-- Supplied data follows --

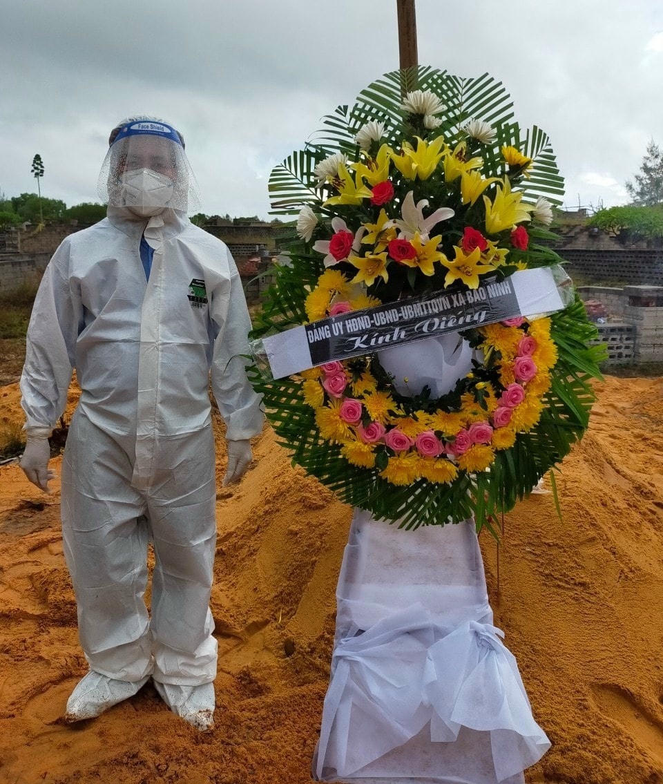 Được biết, để hỗ trợ chôn cất người quá cố do mắc Covid-19, Trung tâm Y tế thành phố Đồng Hới đã khử khuẩn và chở từ nhà xác ra nghĩa trang. Trung tâm công viên cây xanh Đồng Hới hỗ trợ cẩu hòm để an táng.
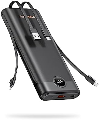 - VEEKTOMX Power Bank with Built-in Cables 10000mAh Portable Charger for iPhone Slim Fast Charge USB C Battery Pack Travel Essentials Powerbank Compatible with iPhone, Samsung, Android, etc
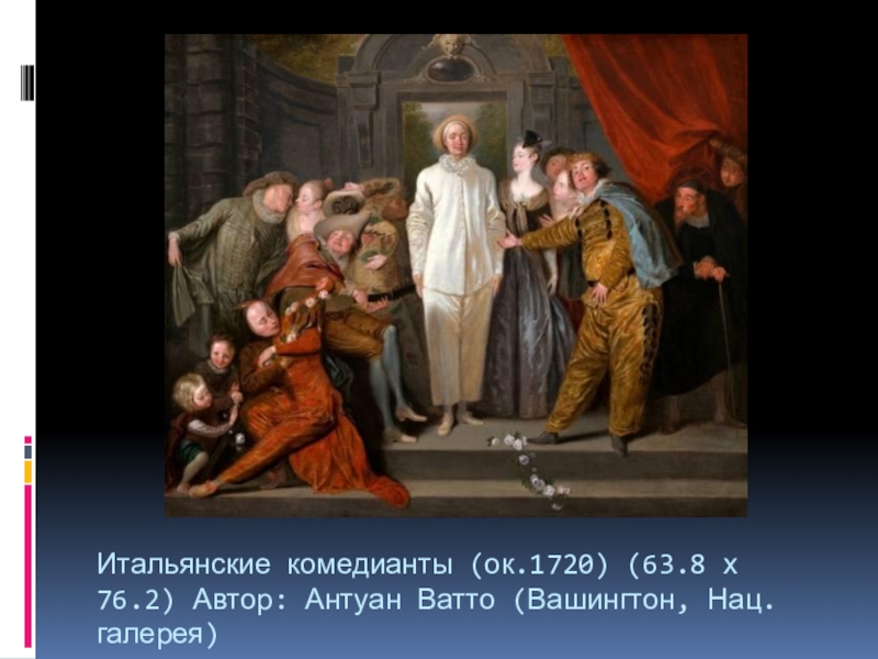 Слайд 20Итальянские комедианты (ок.1720) (63.8 х 76.2) Автор: Антуан Ватто (Вашингтон, Нац.

-- Supplied data concluded --

◆ Activity ◆
Copy the listing above in full and exactly, but omit each picture that it holds.

◆ Answer to the exercise ◆
 Được biết, để hỗ trợ chôn cất người quá cố do mắc Covid-19, Trung tâm Y tế thành phố Đồng Hới đã khử khuẩn và chở từ nhà xác ra nghĩa trang. Trung tâm công viên cây xanh Đồng Hới hỗ trợ cẩu hòm để an táng.
 - VEEKTOMX Power Bank with Built-in Cables 10000mAh Portable Charger for iPhone Slim Fast Charge USB C Battery Pack Travel Essentials Powerbank Compatible with iPhone, Samsung, Android, etc
 Слайд 20Итальянские комедианты (ок.1720) (63.8 х 76.2) Автор: Антуан Ватто (Вашингтон, Нац.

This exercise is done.